YOUR INSTRUCTIONS -
Write the lines below out exactly, dropping each picture.
==== DATASET EXTRACT
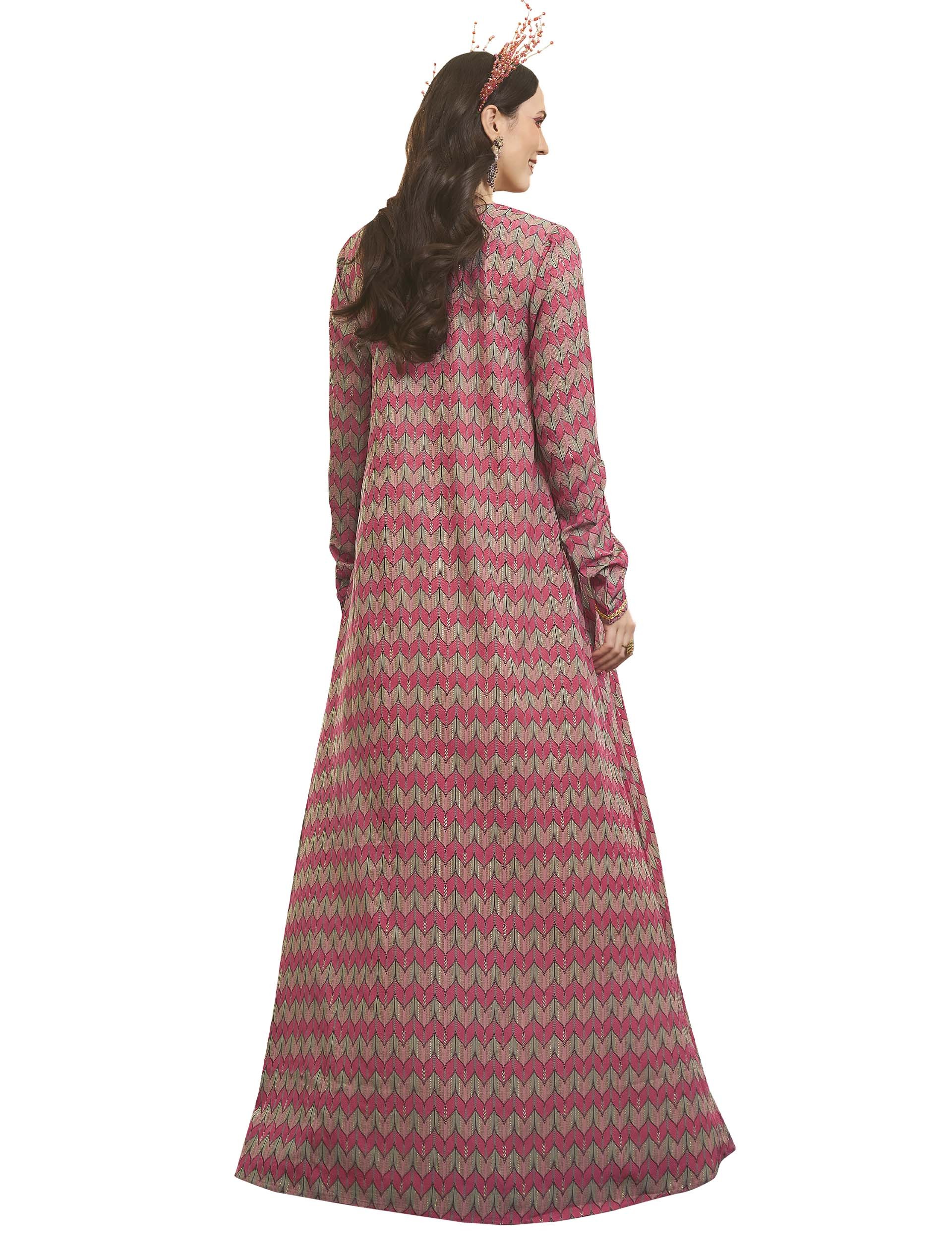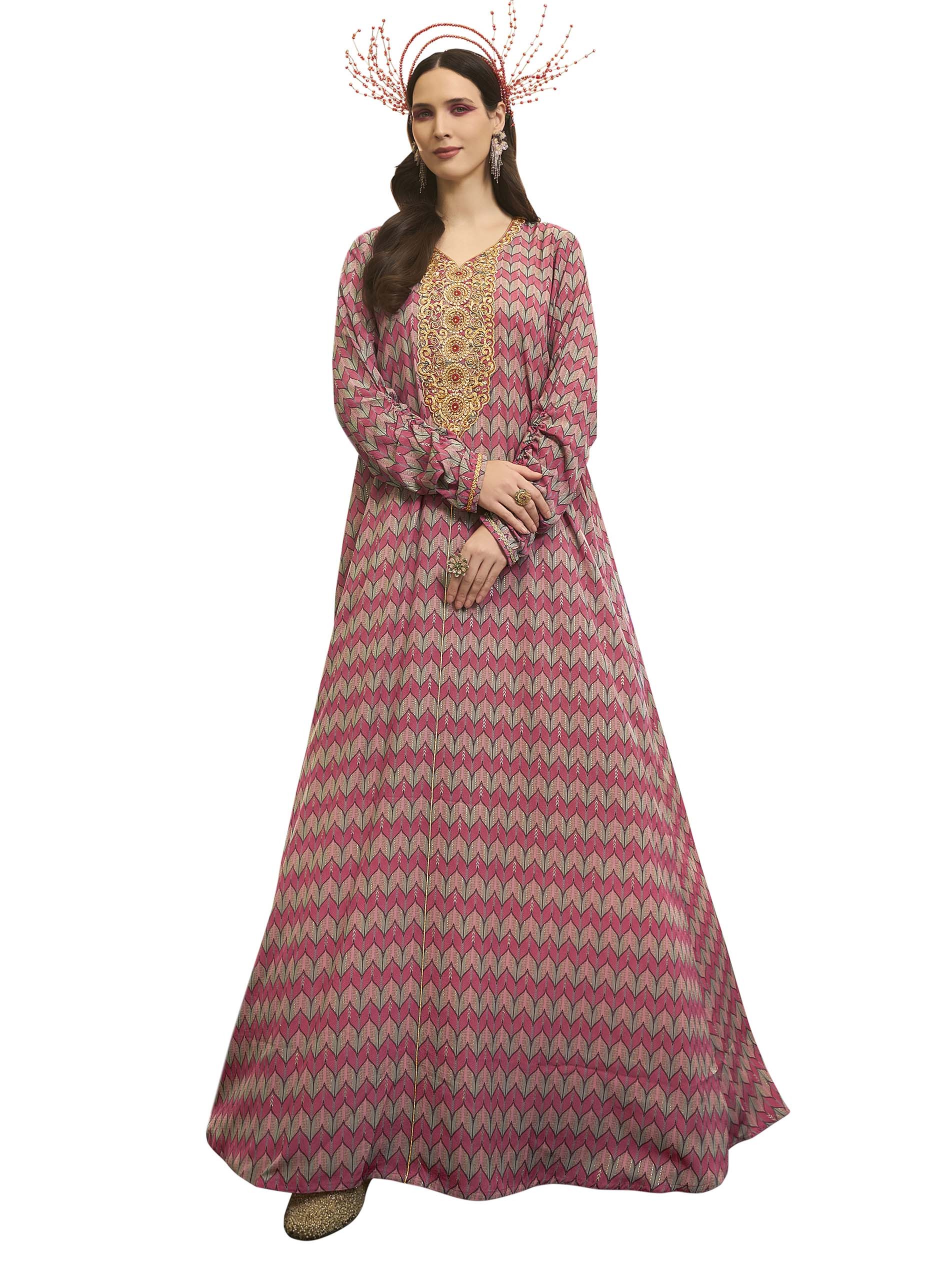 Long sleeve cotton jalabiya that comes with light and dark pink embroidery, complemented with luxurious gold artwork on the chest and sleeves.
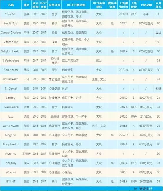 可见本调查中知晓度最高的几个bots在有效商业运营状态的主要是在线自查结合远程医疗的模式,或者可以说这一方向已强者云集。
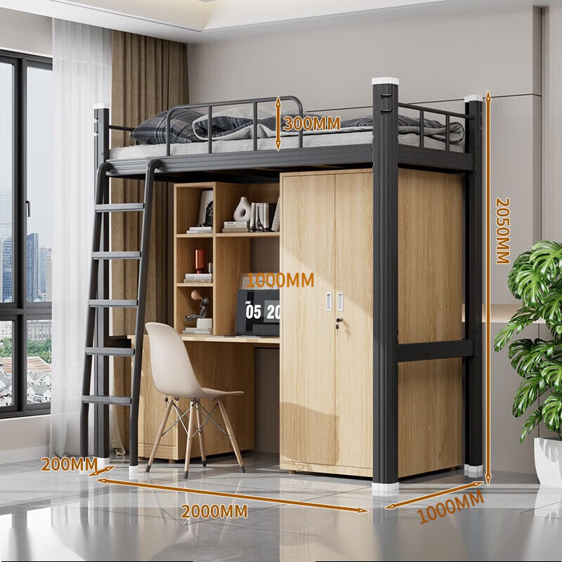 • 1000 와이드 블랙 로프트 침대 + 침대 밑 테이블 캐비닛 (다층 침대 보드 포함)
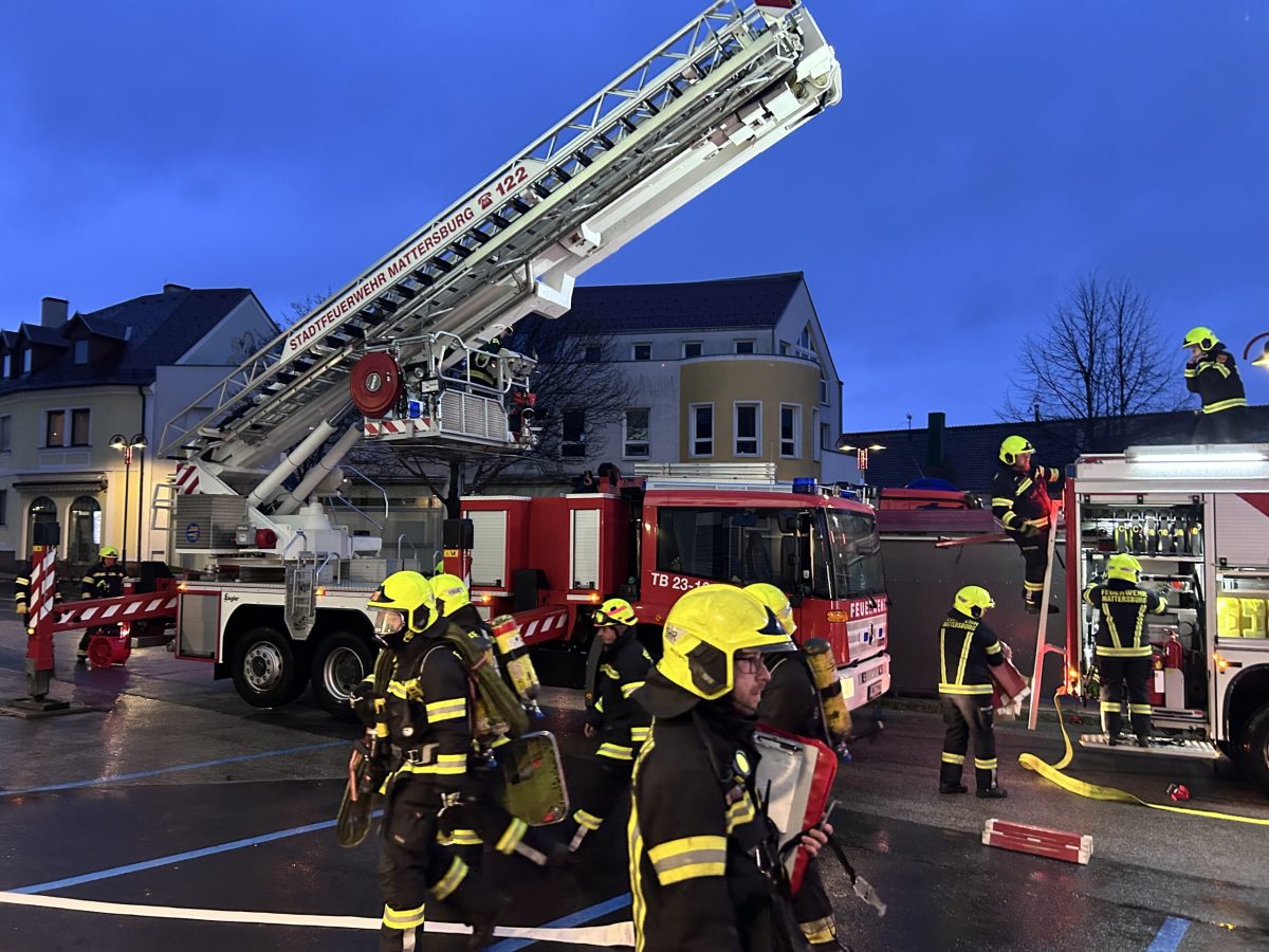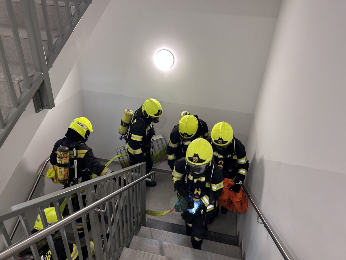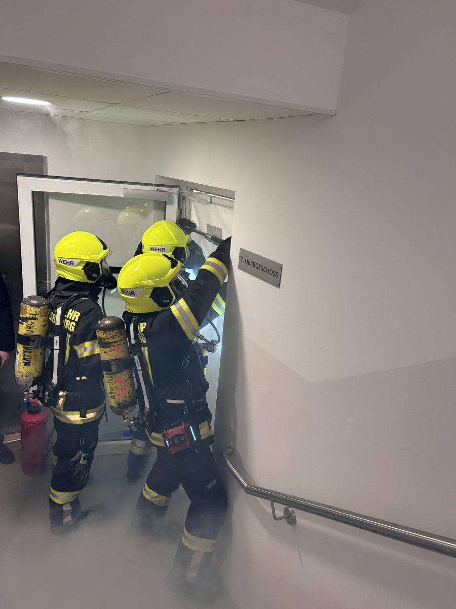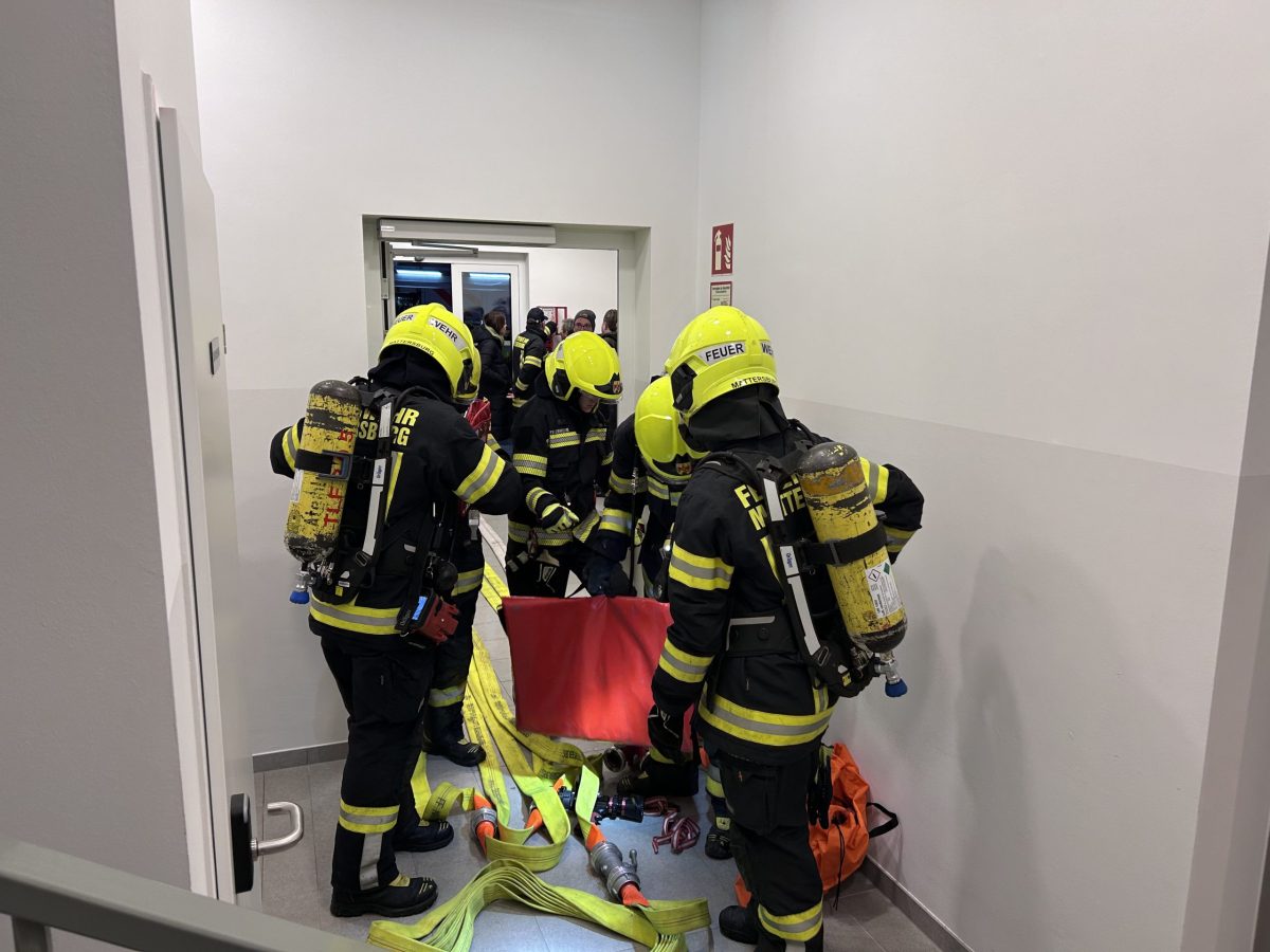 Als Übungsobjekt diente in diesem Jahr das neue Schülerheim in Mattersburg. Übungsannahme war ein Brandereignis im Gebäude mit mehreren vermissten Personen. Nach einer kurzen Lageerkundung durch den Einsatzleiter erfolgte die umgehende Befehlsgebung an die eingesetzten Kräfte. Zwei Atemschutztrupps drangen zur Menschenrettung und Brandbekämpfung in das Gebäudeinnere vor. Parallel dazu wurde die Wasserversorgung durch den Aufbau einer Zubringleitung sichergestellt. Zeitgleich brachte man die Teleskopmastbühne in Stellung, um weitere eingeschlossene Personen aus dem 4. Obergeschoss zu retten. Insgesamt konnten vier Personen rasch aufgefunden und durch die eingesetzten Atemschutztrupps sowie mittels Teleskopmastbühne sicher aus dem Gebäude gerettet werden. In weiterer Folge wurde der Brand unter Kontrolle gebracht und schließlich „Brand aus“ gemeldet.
========
OUTPUT -
 Long sleeve cotton jalabiya that comes with light and dark pink embroidery, complemented with luxurious gold artwork on the chest and sleeves.
 可见本调查中知晓度最高的几个bots在有效商业运营状态的主要是在线自查结合远程医疗的模式,或者可以说这一方向已强者云集。
 • 1000 와이드 블랙 로프트 침대 + 침대 밑 테이블 캐비닛 (다층 침대 보드 포함)
 Als Übungsobjekt diente in diesem Jahr das neue Schülerheim in Mattersburg. Übungsannahme war ein Brandereignis im Gebäude mit mehreren vermissten Personen. Nach einer kurzen Lageerkundung durch den Einsatzleiter erfolgte die umgehende Befehlsgebung an die eingesetzten Kräfte. Zwei Atemschutztrupps drangen zur Menschenrettung und Brandbekämpfung in das Gebäudeinnere vor. Parallel dazu wurde die Wasserversorgung durch den Aufbau einer Zubringleitung sichergestellt. Zeitgleich brachte man die Teleskopmastbühne in Stellung, um weitere eingeschlossene Personen aus dem 4. Obergeschoss zu retten. Insgesamt konnten vier Personen rasch aufgefunden und durch die eingesetzten Atemschutztrupps sowie mittels Teleskopmastbühne sicher aus dem Gebäude gerettet werden. In weiterer Folge wurde der Brand unter Kontrolle gebracht und schließlich „Brand aus“ gemeldet.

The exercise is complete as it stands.